As much as an individual must subdue to the forces of common laws, dance is (still) a way to keep oneself away from these laws. The key words for understanding the messages of the dance trilogy by Arnaud Demuynck are freedom and resistance. The dance performed by a girl on a cliff, mustering courage for the final leap in the film Signs of Life conveys a powerful message on the existential apprehension of an individual. In the film Breakout, the dance performed by the escaping prisoner before the barrel of a gun is an affirmation of life in an absolutely hopeless situation. Finally, The Shadow of the Veil is a socially engaged perspective of the position of a woman in the family and society, where a Muslim girl resorts to dance to protest against the rigid rules.

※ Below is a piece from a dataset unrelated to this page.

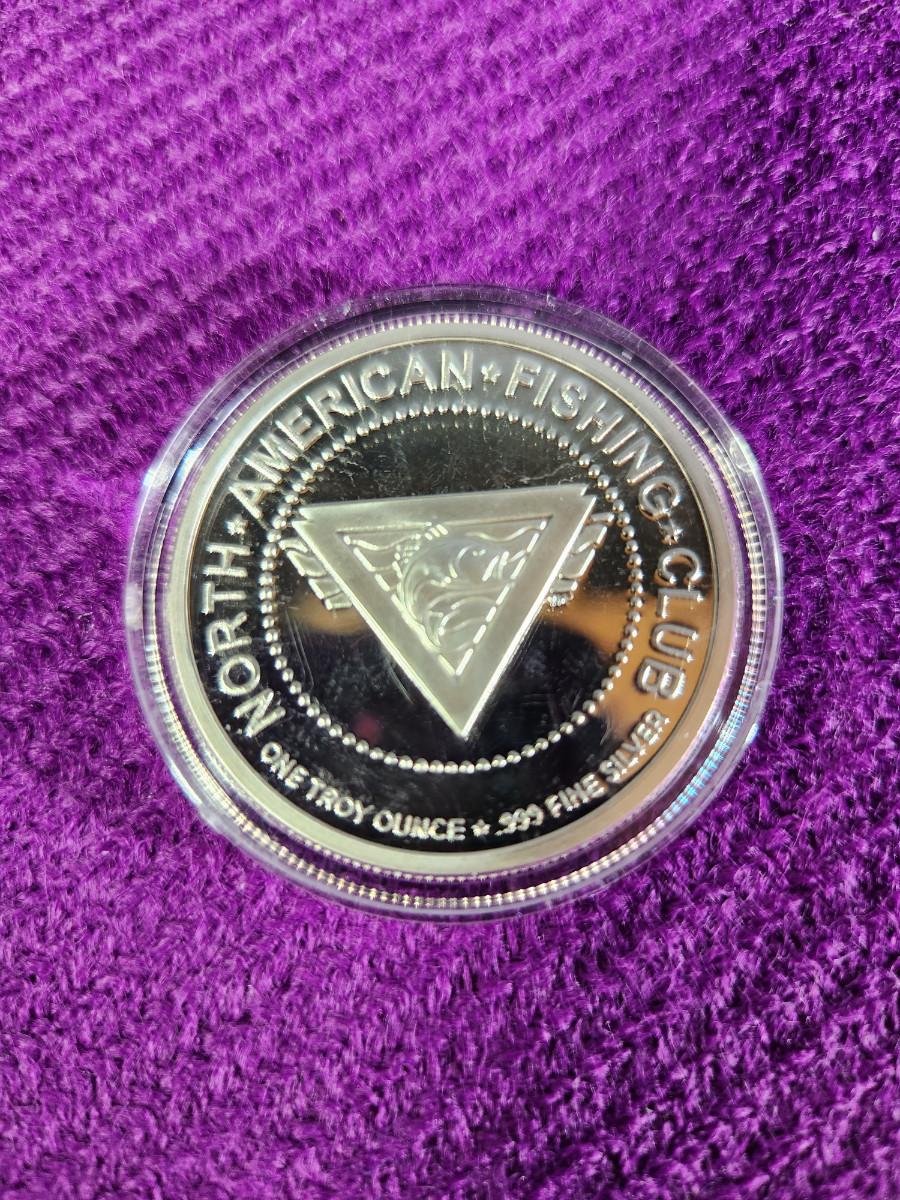 This auction lot is for a National Fishing Grand Slam Silver Coin Collection CHINOOK SALMON Coin. Encased in plastic and considered a Proof Coin, it is .999 Pure Silver, and weighs 31.1 Grams, the coin measures 39mm in diameter. Coin comes with a full-color picture card with fish information on the verso and a certificate of authentication. This coin is one of 13 different coins of this type being offered in the auction, additionally a storage case is also available elsewhere in this auction.

Dedicating his film Orgesticulanismus to his father, the wheelchair-ridden cerebral-palsy patient Mathieu Labaye explores the concept of the thinking body that becomes a medium for the inner freedom. While the first part of the film shows vector-driven human figures resembling marionettes endlessly repeating the same movements, the second part introduces the inevitable (and expected) infringement, with the frantic modern dance forcing the body to break out of its own boundaries. Before the film moves into the sphere of the abstract, suggesting the transience of the physical existence, the body will become reduced to a danse macabre performed by a skeleton...
On the other hand, the skeletons featured in the Disney burlesque The Skeleton Dance, guided by the skilful hand of the animator Ub Iwerks, bring in the cheerful spirit of Hollywood’s golden age. The gleeful ‘South American Jive’ of the film stars appearing in Tex Avery’s Hollywood Steps Out, as well as the dance of the walrus-like ghost spurred by Dave Fleischer rotoscopy into a dance resembling that of the lucid bandleader Cab Calloway, are some of the examples of the American production of the time. It is clear that the dance presented here has no artistic aspirations, but the retrospective Animation and Dance addresses the general, social functions of dance as well.
Abstraction as a vehicle of expression in film lies on the opposite end of Animateka’s dance spectrum. The work of visual artists Memo Akten and Quayola entitled Forms represents an almost paradigmatic example of this approach. Here, the human body of a moving athlete is transformed into seemingly anarchoid swarms of geometric shapes, thus finding its own symbolic substitution, while transcended to the level of dance choreography by the suggestive score. And this is the magic moment, an apotheosis of movement of its kind, where the innermost meanings of dance and animation are mutually sublimed.
The retrospective Animation and Dance is a diverse and dynamic programme, full of exciting films that move the senses and stir emotions. Can we really ask for more from anything, even from the art of animated film?
Milen Alempijević (1965), writer and author, is a member of the Serbian Literary Society. Apart from popular fiction, he is an author of texts on jazz and film art. He is currently preparing a book of essays on animated film, The Art of Exaggeration. He works as Film and Video Programme Editor and is Art Director of the international animation festival ANIMANIMA at the Cultural Centre in Čačak, Serbia.